Keeping my hand in the hobby

For a change of pace today, I decided to focus on my sculpting some more.  Yes, I already did some painting, but I haven’t sculpted an entire figure in about 8 years and my skills are very rusty.

Now, that said, I decided to practice the two areas that I always found the hardest: hands and faces.  I tried sculpting faces cold…and wow are they terrible.  Just plain bad.  What I used to do was build a basic ball and let it cure.  Once it was dry I added the face in one shot.  Today I tried sculpting them on a flat surface.  Not fun.  Not good results either.

A while ago I came across a new way to sculpt faces called the “ninja mask technique”.  Essentially the sculptor starts with a crude shape similar to a ninja mask.  Once fully cured, eyes are added in, then nose, cheeks, lips, eye-lids…well you get the idea.  Instead of pulling details up they are added on.  So after my terrible faces (I did 4 and decided I wasn’t getting any good practice on a flat surface) I made up a whole row of ninja mask forms to go onto my next stage.

I also did hands with a bit more success.  I did one hand and realized how bad my scale was so went back to basic ratio principles and used the natural measurements (crease of palm, thumb, lengths and widths of fingers).  Tough to explain but think of all the ratios of body parts and it gets simpler.  Anyhow, I did two hands before I had to put the girls to bed and the rest of the putty was too cured to fine detail hand work.

Hands, hands, fingers thumb.

Hands, hands, fingers thumb.

Dum-ditty, dum-ditty, dum-dum-dum

Dum-ditty, dum-ditty, dum-dum-dum

 

Ivan Vanko from Iron Man 2.  Image used without permission.

Ivan Vanko from Iron Man 2. Image used without permission.

What I also did was start work on one of the villains.  I will admit upfront I have never finished watching Iron Man 2.  I watched it on a flight and kept dozing off.  But, Ivan Vanko is a pretty memorable villain.  To replicate him, I thought Crosswire by Reaper Miniatures would be good.

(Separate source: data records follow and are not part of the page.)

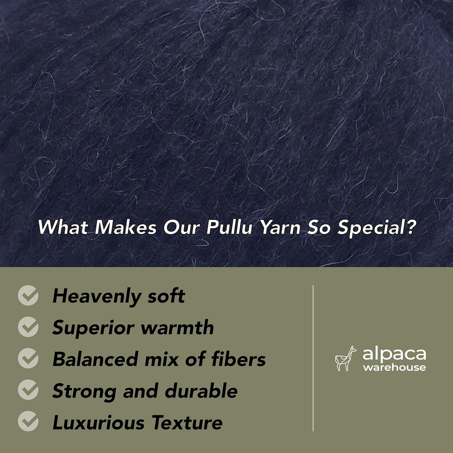 Pullu - Baby Alpaca Merino Wool Yarn Set of 3 Skeins (150 Grams) Worsted Weight - Sourced Directly from Peru - Heavenly Soft and Perfect for Knitting and Crocheting (Navy Blue)
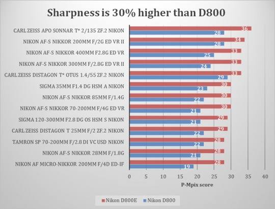 我们知道尼康的D800E是D800的高锐度版本,差别在于D800E采用了还原低通滤镜,已达到无低通效果,从而获取更高的解析力。国外测试网站DxOmark对此进行了测试,分别用D800E与D800搭载相同的镜头,进行锐度对比。测试中锐度最大差值达到30%,例如Zeiss Apo Sonnar T* 2/135 ZF.2,该镜头在D800上锐度28P-Mpix 而在D800E上可以达到36P-Mpix。在现实中,测试体现的是峰值最佳成像,实际拍摄还要考虑光圈等等设置。毫无疑问,这些镜头在D800E上比D800能呈现更多的细节。
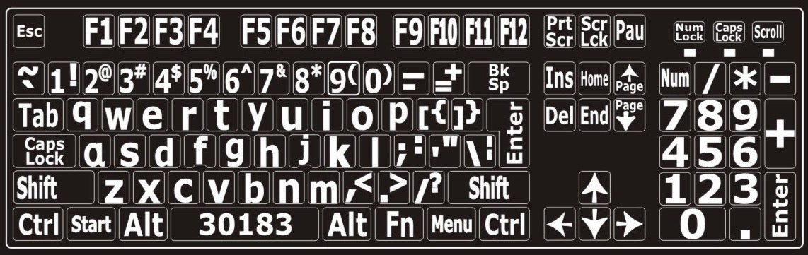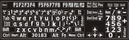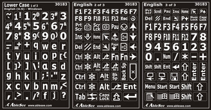 English (US) keyboard stickers for Windows: White on Black (Lowercase) - 30183
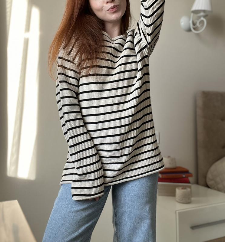 Светр у смужку Рост на фото 152 см Лучше сядет на кого-то выше, для своего роста рукава удлиненные немного. Надевался один раз, максимально идеальное состояние

When he arrived I realized he is a bit big.  I wasn’t sure if he would still work or not.  Maybe I could make him into a Deathlok or other cyborg.  Maybe a Dr. Doom creation.

But I didn’t want to write-off Whiplash.  So I did my research.  I never read a lot of Iron Man comics but I knew there was always somebody who got the suit or technology (or so my casual reading seemed to indicate).  I thought that was all he was.  Then I realized he was a combination of two villains.

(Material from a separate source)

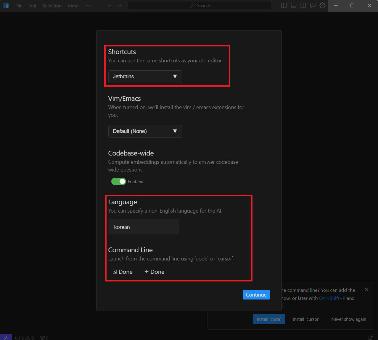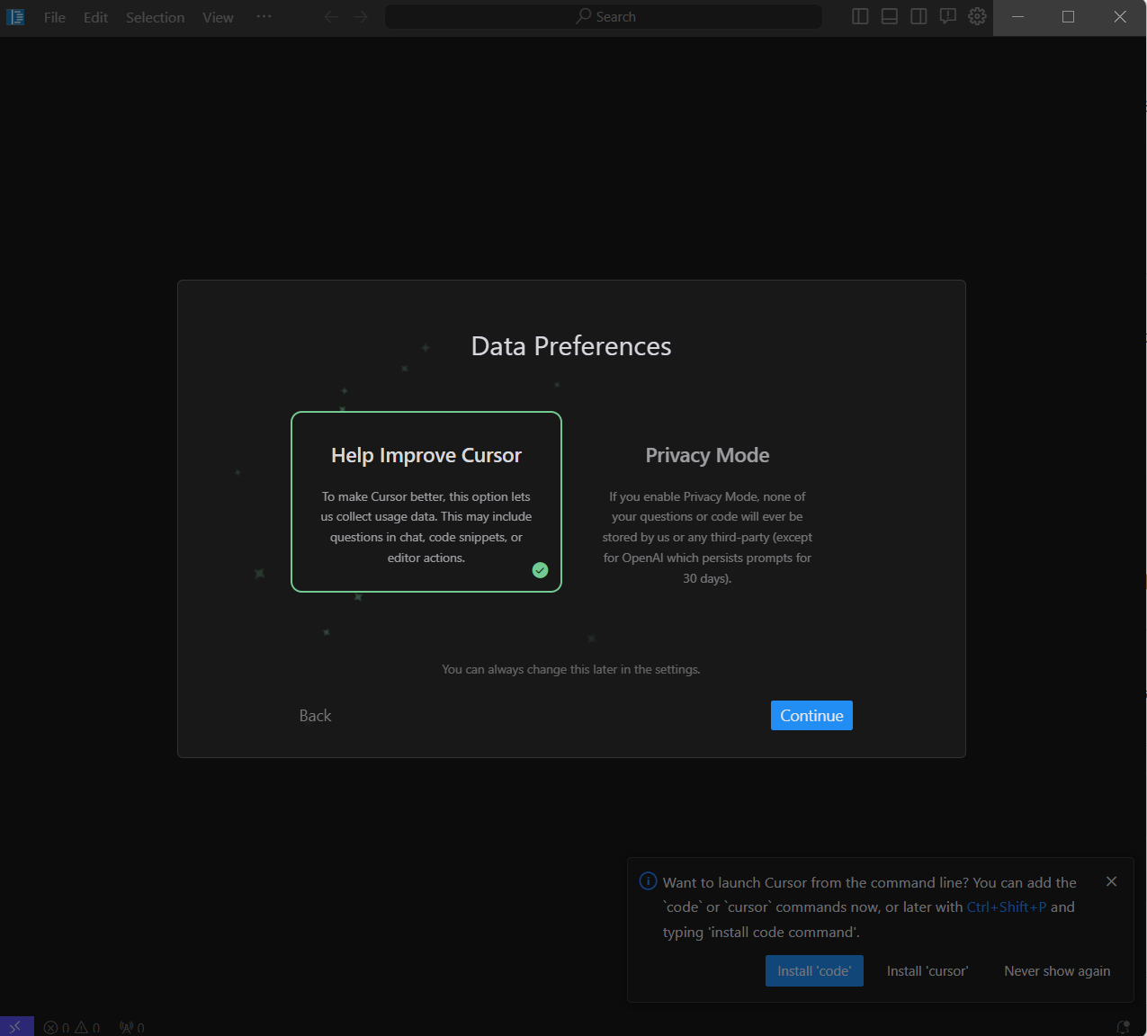 그냥 테스트 겸 해보는 거라면 그냥 Help Improve Cursor를 선택해 IDE 개발에 도움을 주자.

Crosswire by Reaper Miniatures.  Deano by Hasslefree Miniatures.

Crosswire by Reaper Miniatures. Deano by Hasslefree Miniatures.

Crosswire by Reaper Miniatures.  Deano by Hasslefree Miniatures.

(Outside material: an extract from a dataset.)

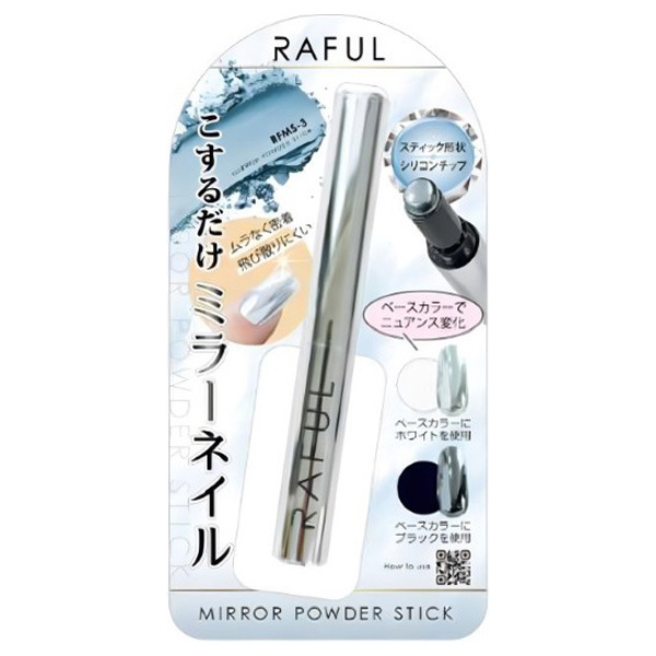 キャップの裏側に固形パウダーがついており、シリコンのチップ部分にパウダーを付着させます。ミラーパウダーはコンテナタイプのものが主流ですが、RAFULミラーパウダーはスティック型のため、これ1本で簡単にミラーネイルが楽しめます。

Crosswire by Reaper Miniatures. Deano by Hasslefree Miniatures.

Still not sure what it meant, I watched the scene from the movie depicted above.  If you haven’t seen the movie, I recommend this scene if nothing else.  Pretty cool.  It also reminded me that Mickey Rourke plays the villain, not a small guy.  So I decided that him being big (compared to Deano he is likely 8-9 feet tall fully upright) wasn’t a major hurdle.  Instead, I wanted to make him an up-armoured version of the scene above.

Crosswire by Reaper Miniatures.  Start of Arc Reactor.

Crosswire by Reaper Miniatures. Start of Arc Reactor.

So since I have some semi-rigid greenstuff (good consistency for harder edges) I decided I would start the Arc Reactor on his chest.  I intend to add the straps with wires coming down from his shoulders and wires going down to his belt.  Not shown is the rear of the figure where he has cyber-implanted reactors and power devices that are wired to his belt.

I have done the edges and connectors to the straps up and wires down.  The edges are marked by various wires and ridges to replicate the rather crude design shown above.

The obvious next stages will be his reactor, his whip(s), and belts.  But I did miss a step – I forgot to deal with his mold-lines first.  I can still fix that, but I need to let the greenstuff cure first.

Two updates in one day, so hopefully twice as inspirational.  If nothing else, I hope to encourage you to try developing your sculpting skills.  Although difficult, like any skill it can be learned.  It also causes crossed-eyes too if you focus too much for too long, you’ve been warned.